The company’s most recent BEE certificate reflects 22% black ownership, which puts it in a fairly strong position for winning government tenders.
Perhaps the Guptas’ most-discussed assets are their media interests, which include the New Age newspaper and ANN7, a 24-hour television news channel. Roundly accused of being propaganda arms for the government, the companies receive huge amounts of government business by way of advertising and the sponsorship of events such as the New Age business breakfasts, which often feature senior ANC officials.
In the 2014 financial year, the New Age newspaper received more than R10-million in government advertising, and a reported R75-million from various government departments the year before. Other publications with comparative readership received less than a tenth of that amount. With no more Guptas, government funding would almost certainly slow and some argue that the reason for the media companies would cease to exist.
Nevertheless, the media expert said, the family’s broadcast asset offers some intrinsic value.

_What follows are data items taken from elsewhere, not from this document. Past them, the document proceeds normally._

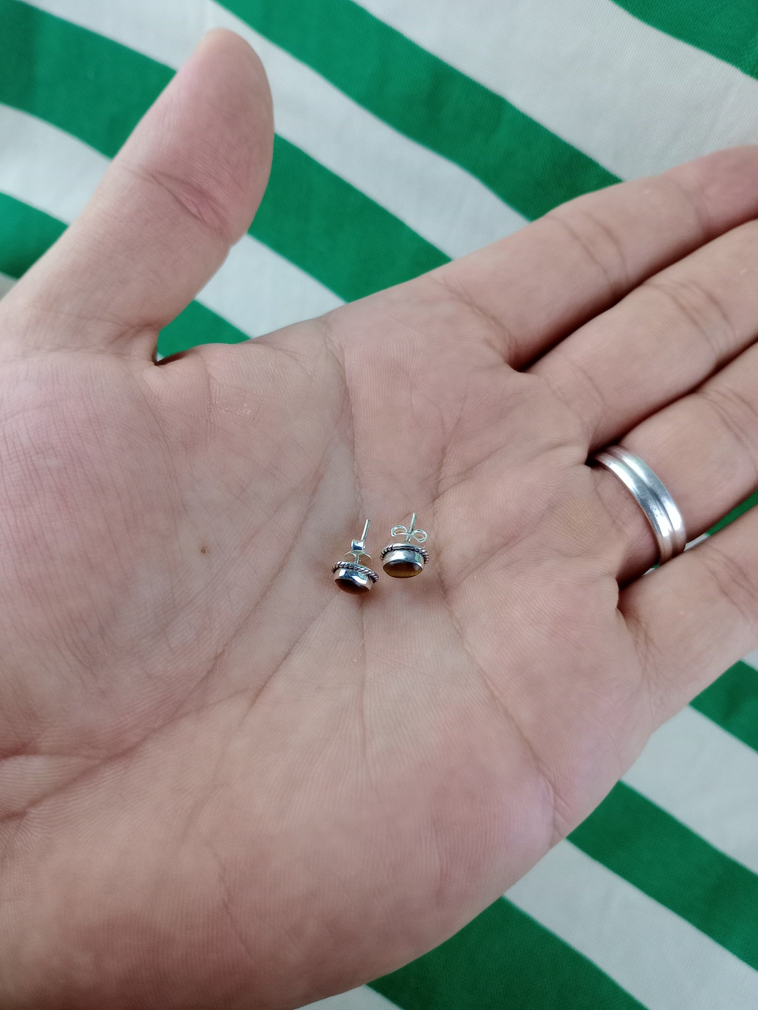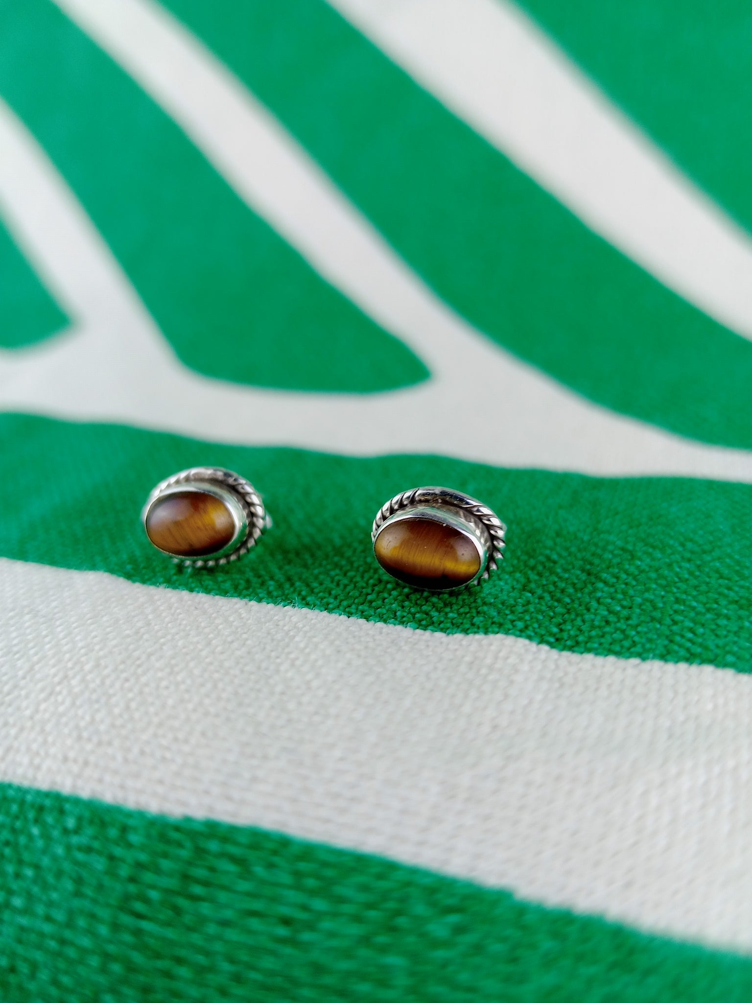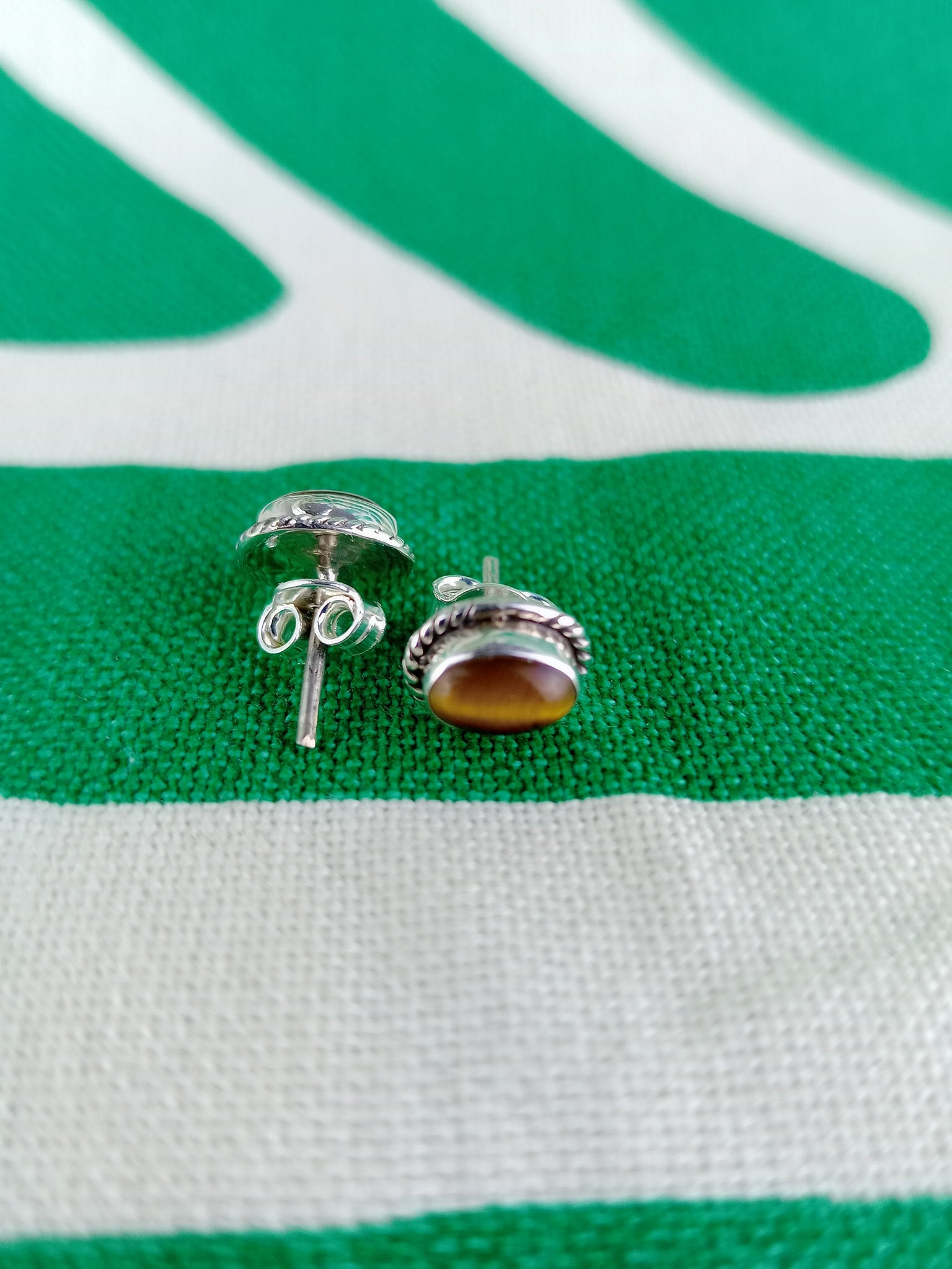 Pendientes Pin Oval Ojo de Tigre Plata
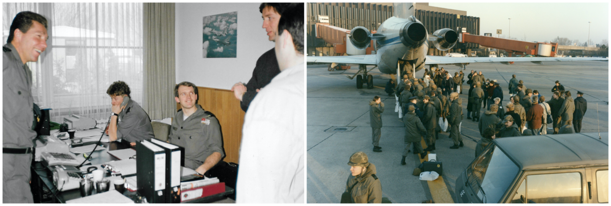 Voorbereiding op de thuisbasis van 5GGW (links, met Oppers zittend rechts) en het vertrek van het personeel met een Belgische Luchtmacht Boeing 727 vanaf de Duitse vliegbasis Wunstorf. Foto links: uit collectie Oppers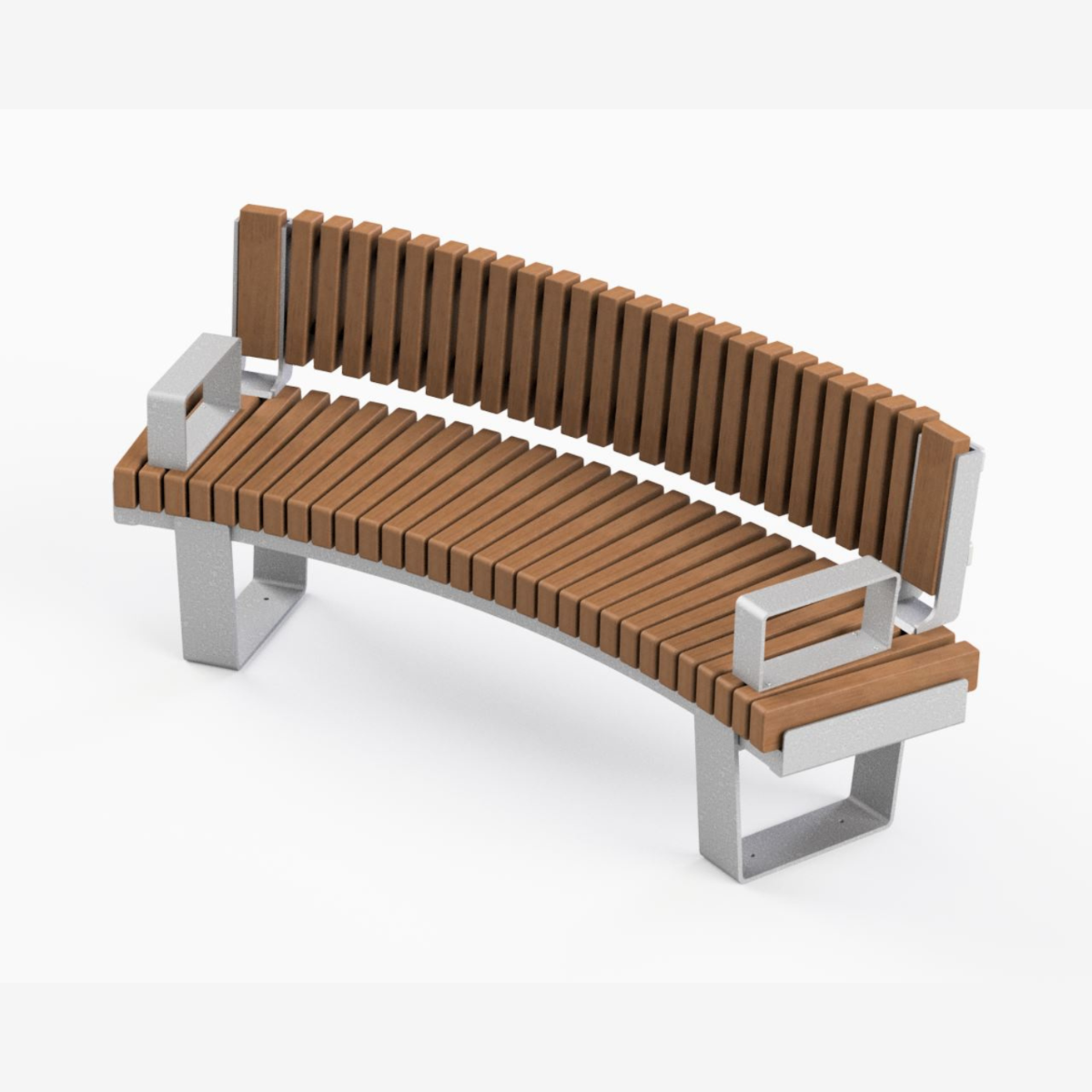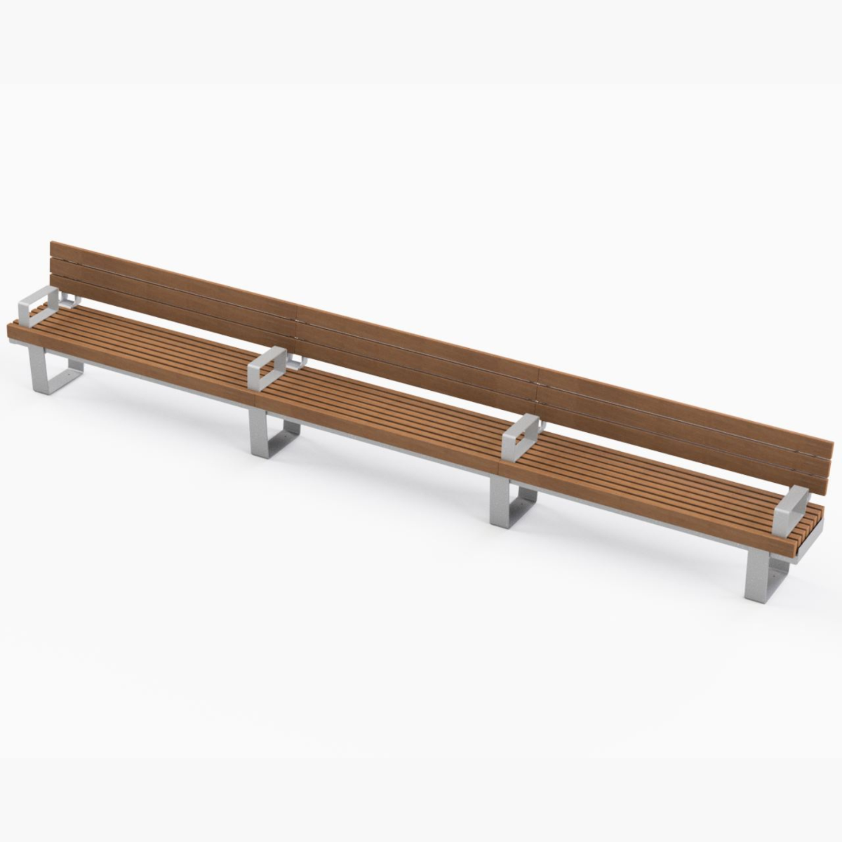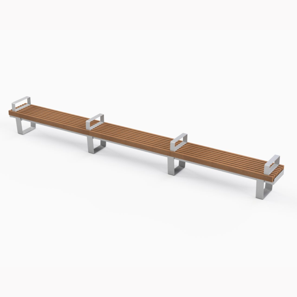 The Quad bench features bold rectangular steel legs that give it a modern, sturdy look. These strong frames provide a stable base built to withstand heavy use and harsh outdoor conditions, making the bench ideal for busy public spaces.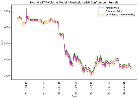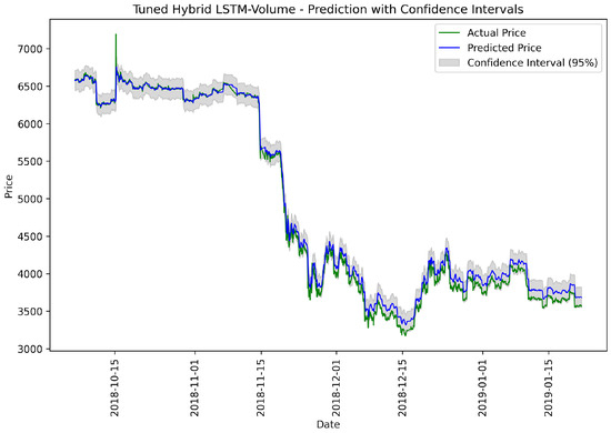 The tuned Hybrid LSTM-Volume model outperformed its base counterpart, achieving an MAE of 0.00420 and an RMSE of 0.00545. Figure 11 illustrates the model’s predictions compared to the actual prices, demonstrating significant accuracy improvements. The reduced MAE and RMSE values highlight the improvements gained through hyperparameter tuning.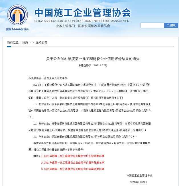 近日,在中國施工企業(yè)管理協(xié)會召開的2021年度工程建設誠信企業(yè)推介大會上,公司再次獲得 “2021年度工程建設AAA信用等級企業(yè)”和“2021年工程信用7星級企業(yè)”等共二項榮譽,這也是“十四五”開局之年公司全面貫徹新發(fā)展理念、構建信用新發(fā)展格局在行業(yè)信用體系建設方面取得的突出成效。2021年,公司不斷完善信用體系,強化信用導向,企業(yè)管理水平和社會信譽度不斷提升。今后公司將以此為契機,不斷總結經(jīng)驗,補齊發(fā)展短板,助力企業(yè)高質(zhì)量發(fā)展。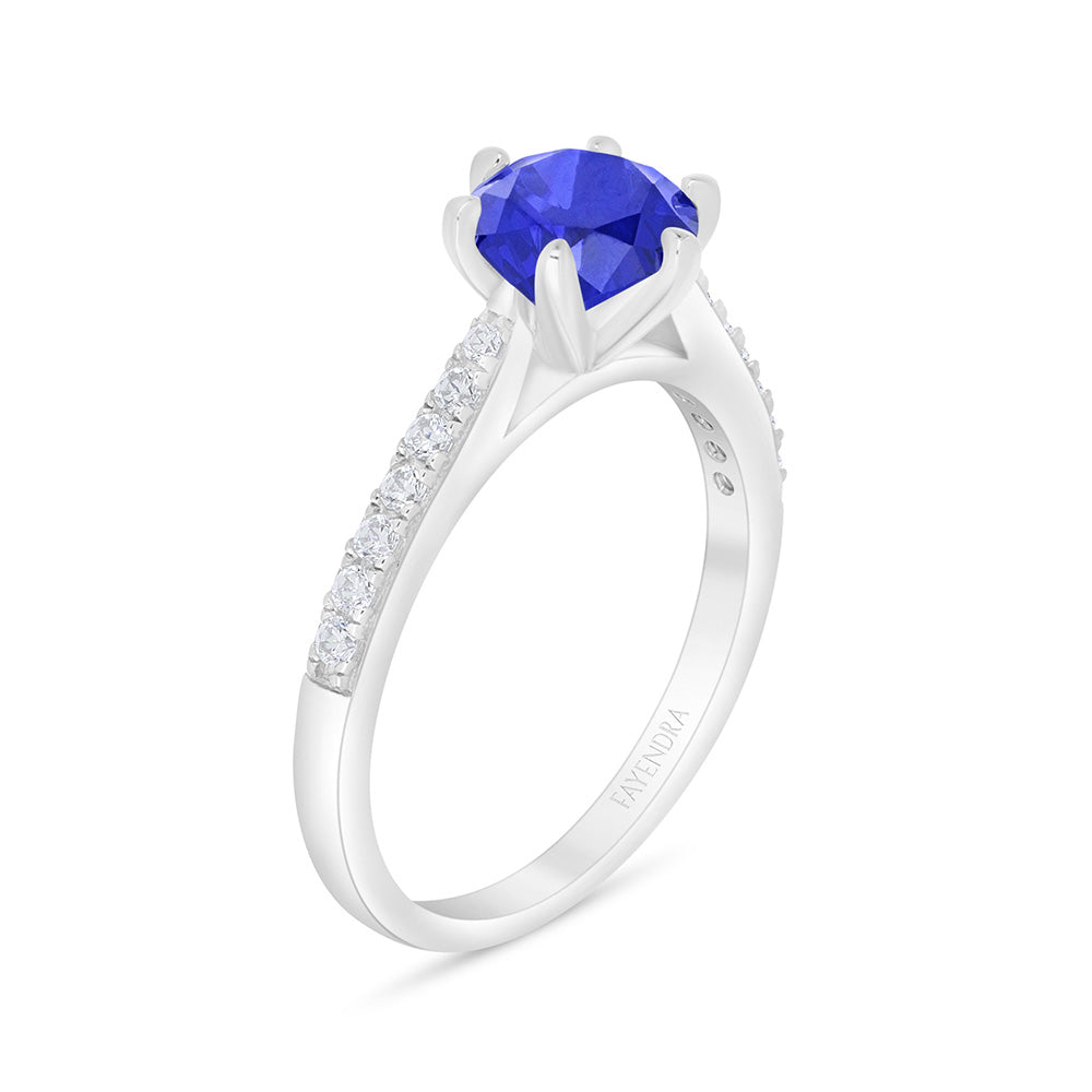 خاتم من الفضة الخالصة عيار 925 مطلي روديوم مرصع زفير كروندوم و فص ابيض

“ANN7 is slightly different. They have got existing infrastructure, staff and relationships with an Indian broadcaster with whom they share resources,” he said. “I think it’s actually quite valuable. It would allow another media company with broadcasting ambitions to leapfrog.
“But it wouldn’t fetch anywhere near the price of a fully functioning reputational broadcaster. It would go for a steal, let’s put it that way.”
No matter which asset is under discussion, the family, which says it has become the victim of a toxic discourse created by the media, faces a universal challenge.
“Everything the Guptas have touched is tainted, because people suspect there’s some kind of underhand or dodgy activity involved,” said Lotter. “I’m not saying it’s true; people are sometimes looking for a scapegoat. But they are going to struggle to find any buyers – except for that nice house by the zoo. I’m sure that will sell.”